Each Tier 3 will own a portion of Tier 2, and a smaller portion of Tier 1.
You have to come up with a filter which will allow you to filter all the
data for all the tiers.
So it looks like you have a location ID. I would create my filters so they
look like this on Tier 1 pulling to Tier 2.
I think you will need separate publications with multiple filtering criteria
possible using a UDF or a subquery.
Consider a tier system like this
Tier 1 = locationID's of 1, 2, 3, 4, 5, 6
Tier 2 =locationID's of 10,11, 12, 13, 14, 15, 16, 17, 18, 19, 20,21, 22,
23, 24, 25, etc
Tier 1 locationID 1 owns Tier 2 locationsIDs of
10,11,12,13,14,15,16,17,18,19
Tier 1 locationID 2 owns Tier 2 locationsIDs of
20,21,22,23,24,25,26,27,28,29
The create a location table which will look like this:
11, 'tier2Server1'
12, 'tier2Server1'
13, 'tier2Server1'
14, 'tier2Server1'
21, 'tier2Server2'
22, 'tier2Server2'
When your filter will look like this
SELECT <published_columns> FROM [dbo].[MergeTable] WHERE
locationID in (select locationID from LocationTable where
HostName=Host_Name())
Then override the value of -HostName in each of your Pull Subscribers with
tier2ServerX, replace X with the number representing your server in teh look
up table.
you would do the same thing for the Tier3 servers.
Hilary Cotter
Looking for a SQL Server replication book?
http://www.nwsu.com/0974973602.html
"Ken Ross" <kross@.horizon-boss.com> wrote in message
news:Xns95DC898AF82C8krosshorizonbosscom@.207.46.24 8.16...
> I'm trying to get this filtering configuration stuff worked out so that I
> can really understand it and it's been a little difficult finding a
> complete example to go by. Let me illustrate my situation this way:
> Tier1 <--> Tier2 <--> Tier3
> So, we have data being created at Tier1 that is being replicated to
> Tier2. Tier2 will republish some of this and will also publish some
> information created/owned at Tier2 down to Tier3.
> There are multiple Tier2 location communicating with Tier1, and multiple
> Tier3 locations for each Tier2. Merge replication was selected because
> updates and inserts are being done at all tiers and there is the
> possibility of frequent disconnects at any point in the chain, possibly
> for long periods. We're currently looking at PULL subscriptions that are
> anonymous (there could be hundreds of Tier2s).
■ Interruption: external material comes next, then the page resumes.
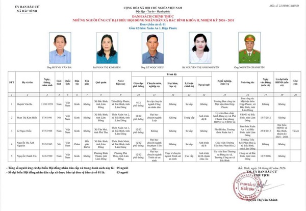 Hình 1. Danh sách trích ngang ứng cử Đại biểu Hội đồng nhân dân xã Bắc Bình khóa III, nhiệm kỳ 2026-2031, đơn vị bầu cử số: 02, thôn Xuân An & Hiệp Phú.
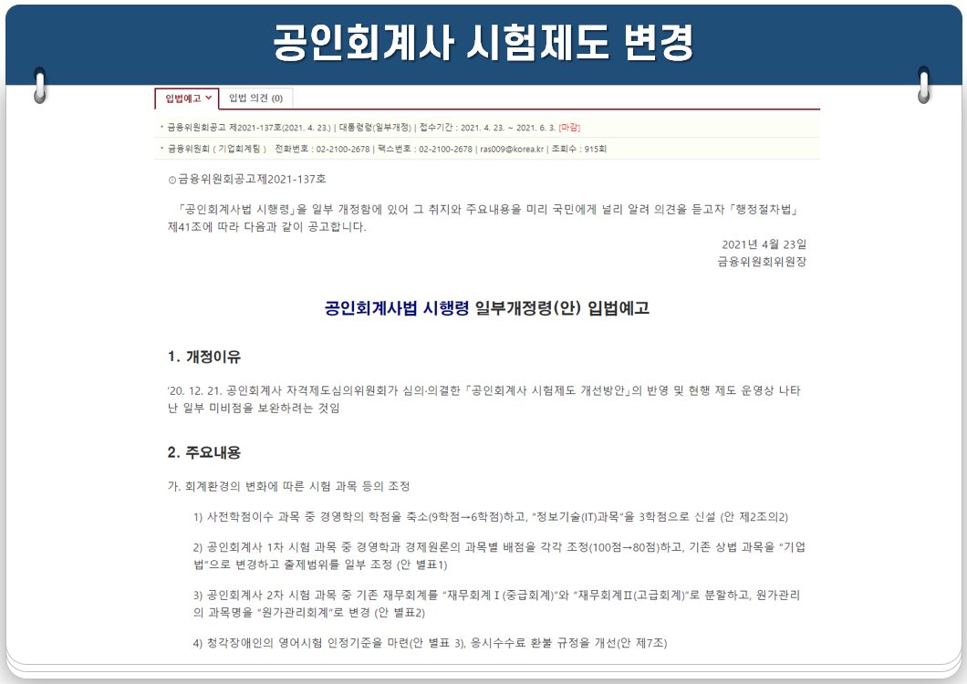 금융위원회의 공인회계사 시험 개선 방안의 시행을 위해 2021년 상반기 공인회계사법 시행령 등 관련 법령이 개정되었고, 개정된 공인회계사법 시행령은 입법예고를 마쳤습니다.

> So the filtering question comes down to how to control the partitioning
> of data to each Tier2; some Tier1 data is for everyone, some isn't. The
> database contains a configuration table that, along with other things,
> contains an identifier for each Tier location (maybe we can use
> this...maybe not?). I don't know in advance what the various machine
> names are and I don't have any control over the domains they are running
> in. Quite likely they will be mixed domains so we have to assume this is
> an untrusted situation that will be using SQL accounts for
> authentication.
> Can someone out there please help point me in the right direction on
> this? I see references to filtering by HOST_NAME() but since I can't
> anticipate the host names (and there could be hundreds) I would really
> rather have a solution that is more dynamic, that can just "figure out"
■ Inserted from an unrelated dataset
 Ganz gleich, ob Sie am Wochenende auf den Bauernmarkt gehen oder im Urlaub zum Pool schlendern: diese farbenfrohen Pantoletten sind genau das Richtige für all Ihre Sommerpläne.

> how the data is split based on a data value compared against a Tier1 list
> of all possible values (e.g. a list of all customers at Tier1 is compared
> against a customer ID that is passed from the subscriber).
> THANKS!
> Ken
|||"Hilary Cotter" <hilary.cotter@.gmail.com> wrote in
news:eemC3QO#EHA.2032@.tk2msftngp13.phx.gbl:

> This can be very very tricky. Normally when you do this sort of
> republishing defining ownership becomes critical in setting up the
> correct topology.
> The create a location table which will look like this:
> 11, 'tier2Server1'
> 12, 'tier2Server1'
> 13, 'tier2Server1'
> 14, 'tier2Server1'
> 21, 'tier2Server2'
> 22, 'tier2Server2'
> When your filter will look like this
> SELECT <published_columns> FROM [dbo].[MergeTable] WHERE
> locationID in (select locationID from LocationTable where
> HostName=Host_Name())
>
> Then override the value of -HostName in each of your Pull Subscribers
> with tier2ServerX, replace X with the number representing your server
> in teh look up table.
> you would do the same thing for the Tier3 servers.
>
Hilary,
Thanks for the quick reply. I was just reading about overriding HOST_NAME
() on the subscriber and was wondering if that was going to be part of
the solution or if there was some magic with Dynamic Filtering that could
save me. One thing I'm really trying to keep in mind with this is the
ease of setup on the clients; I'm likely going to script out the
subscriber setup and my current thoughts are to tokenize the script so
that at installation time I can query certain information from the user
and local database, modify the script accordingly [search/replace the
tokens], and then run the script through osql to setup the subscription.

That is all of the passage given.